A great growth lamp that looks absurdly cheap

A great growth lamp that looks absurdly cheap

3 minutes, 24 seconds Read

Don’t be afraid to nibble on shares of large growth companies, even if the price profit (p/e) is a bit on the high side of the range. Undoubtedly, buying shares high with the hope of selling higher can certainly ensure that someone plays the game of Greater Fools (based on the Greater Fool theory; note the lower case “F”).

However, if you are done with the homework and believe that the current appreciation is not good for a pick-up in profit growth, you might be able to look at a growth company that can outgrow its multiple.

Indeed, a degree of multiple expansion is to be expected prior to such an expected compression. But the degree of it is unknown. In any case, the emphasis should be on evaluating the growth story and projecting at what level of certainty a company will be able to actually achieve the profit. It is one thing to have a great growth tongue, but it is something else to have the performance to let that story come to life.

In the current market, the big question is whether or not all this AI investment (some of the SPE or notIn my opinion, Ning van de Mag gets a bit out of hand) will enrich companies (higher sales and margins) at a rate that is acceptable to investors.

Indeed, if all these editions yield a miniscule return, you can bet that investors will not be happy and that they are more willing to press the sales button, which will cause a kind of market correction or perhaps a mini-bur van a very small bubble. Personally, I don’t think AI has reached a full calling area. I rather think that there is some overvaluation and Overhype that could certainly pave the way for a mild bear market that is related to that in 2022.

Shopify

First, we have Shopify (TSX: Shop), a share that comes in after the last Blowout Quarter led to a huge rally to more than $ 200 per share. In an earlier piece I went more in detail in the beautiful quarter that, I thought, placed the company in the class of the Mag Seven Tech shares. Now for $ 193 and change, I think it’s time to buy something, especially with all the great things that the management does with generative AI. Moreover, I think that acquisitions can help Shopify to continue with its AI route map, because it seems to accelerate the value it offers to traders.

The company recently took over Molly Studio, which could help Shopify to increase its design options. Ai and design, I think, are the perfect match.

Shopify already has so much talent on its AI and design teams. I think this latest acquisition on board brings even more expertise to help the company really benefit from the AI ​​revolution, perhaps in a more profitable way than the LLM makers of Large Language Model (LLM) itself. At the end of the day I like how Shopify AI will use and I think it will translate into real profit growth in the next three years.

Shop shares: Pricey, but at the same time cheap?

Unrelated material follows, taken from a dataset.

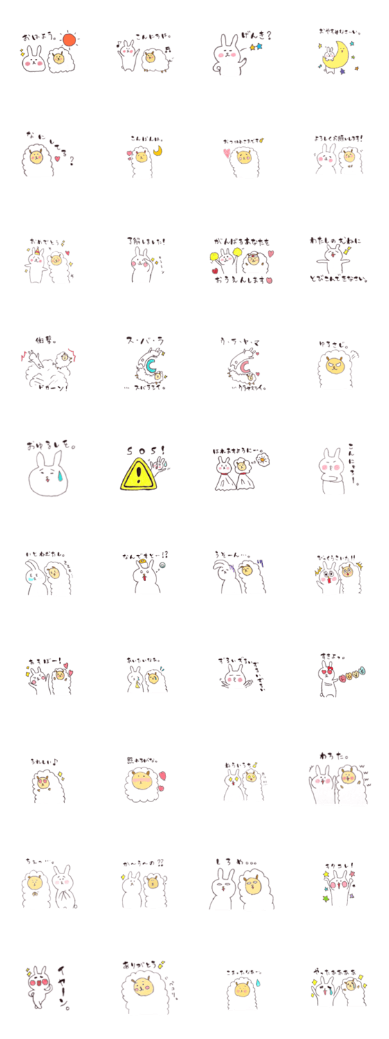 日常的な会話で使える、ゆるーい感じのうさぎさんとひつじさんです。うさぎさんソロ、ひつじさんソロもあります♡お気に入りのスタンプをぜひ見つけてみてください!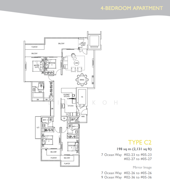 • 3BR and 4BR ground floor units have private spa pool

As for the LLM makers themselves, I cannot say that I have the confidence to call or large expenses are fruit or not. Anyway, I consider store stock as cheap, but expensive based on its 77.5 times behind price gain (p/e). Indeed, the share looked pricey, but it has turned out to be cheap, even when the orders of such a hefty multiples. That is the power of beautiful growth collects led by top managers. The best bosses of Shopify not only know AI, they also know how to apply it effectively. That is a real distinctive factor.

In my opinion it is less about which AI models are used, but how such intelligence is used that will determine the winners and losers of the next phase of the AI ​​race. At the moment, Shopify stands out as a clear winner and one that is certainly worth a high p/e.